Copying arrays via pointers in C++

Question

I've never programmed in C++ before and I'm trying to figure out how to recursively pass segments of an array in a C++ method. I am trying to convert the following pseudo code into C++.

SlowSort(A[1...n])
if n = 2
    if A[1] > A[2]
        Swap(A[1], A[2])
else if n > 2
    SlowSort(A[1...(2n/3)])
    SlowSort(A[(n/3+1)... n])
    SlowSort(A[1...(2n/3)])

The recursive calls are the bits I'm having a problem with. I was thinking about creating two new arrays that point to the wanted locations but don't know how to go about that, specifically doing that and defining the length of the array. I've tried googling it and searching this site, but there doesn't seem to be anything, that I understand, on it. Also, in case I fudged up somewhere in my code, here's what I have for the first bit.

int SlowSort(int A[])
{
int length = (sizeof(A)/sizeof(*A));
    if(length ==2)
    {
        if(A[0] > A[1])
        {
            int temp = A[0];
            A[0] = A[1];
            A[1] = temp;
        }
    }

In short, how do In covert the else if statement into C++? Explanation would be nice too.

Thanks

Answer 1

The modern C++ way to do this would be to pass iterators to the beginning and one-past-the-end of the range. In this case, the iterators are pointers.

void SlowSort(int* begin, int* end)
{
  unsigned length = end-begin;
  if(length == 2)
  {
    if(begin[0] > begin[1])
    {
      std::swap( begin[0], begin[1] );
    }
  } else if(length>2) {
    SlowSort(begin, begin+2*length/3);
    SlowSort(begin+length/3, end);
    SlowSort(begin, begin+2*length/3);
  }
}

then, for the case of working with an entire array:

template<unsigned N>
void SlowSort( int(&Arr)[N] ) {
  return SlowSort( Arr, Arr+N );
}

we dispatch it to the iterator version, relying on decaying of array-to-pointer. This has to be a template function, as we want it to work with multiple different array sizes.

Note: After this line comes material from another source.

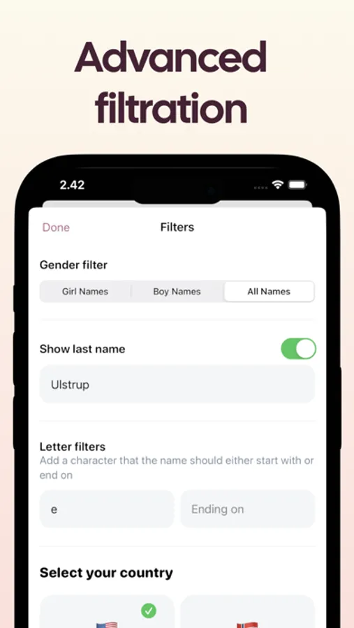Say goodbye to endless scrolling and searching, and hello to the best Baby Names App on the market. Whether you're looking for unique, traditional, or modern names, we have it all. Our extensive database includes names from various cultures and backgrounds, making it the perfect tool for parents of different nationalities.

Note that an int Arr[] is not an array. It is a different way to say int* Arr, left over as a legacy from C. In fact, as a parameter to a function, saying void foo( int A[27] ) results in void foo( int* A ): function parameters cannot be arrays.

They can, however, be references-to-arrays, which is what the above template function uses.

Answer 2

This is pretty simple. Since arrays are just consecutive pointers. If you have a method:

Your code would look like this:

void slowSort(int[] array, int length)
{
    if(length == 2)
    {
        if(array[0] > array[1])
        {
            int temp = array[0];
            array[0] = array[1];
            array[1] = temp;
        }
    }
    else
    {
        slowSort(&array[0], (2 * length) / 3 - 1);
        slowSort(&array[length / 3], length - (length / 3 - 1));
        slowSort(&array[0], (2 * length) / 3 - 1);
    }
}

The trick I use here is that I pass the pointer of the element I want to start with and the pass the end point.

This works because when you pass an array in C++ you just pass the pointer of the first element. Here I pass a custom pointer of the array.

Answer 3

You simply pass required pointer using the pointer arithmetic. For example the following pseudo code

SlowSort(A[(n/3+1)... n])

could be written as

SlowSort( A + n/3+1,  n - n/3 - 1 );

So the function could be declared as

void SlowSort( int A[], size_t n );

As for this code snippet

int SlowSort(int A[])
{
int length = (sizeof(A)/sizeof(*A));

then it is invalid because array is implicitly converted to a ponter to its first element when it is passed as an argument to a function seclared such a way. So the value of length will not be equal to the number of elements.

Answer 4

You will want to pass indices into the array instead, and use those.

void SlowSort(int A[], int left, int right)
{
    if (right - left == 2)
        if (A[left] > A[right])
            Swap(A[left], A[right]);
    else
    {
        int n = right - left + 1;
        SlowSort(A, left, 2 * n / 3);
        SlowSort(A, left + n / 3 + 1, right);
        SlowSort(A, left, left + 2* n / 3);
}

The above code might not be correct regarding what the algorithm is supposed to do, but you get the idea I'm trying to describe. The thing is: you don't make a copy of the array. Instead, pass the same array always and the range (i.e. the indices) you are sorting.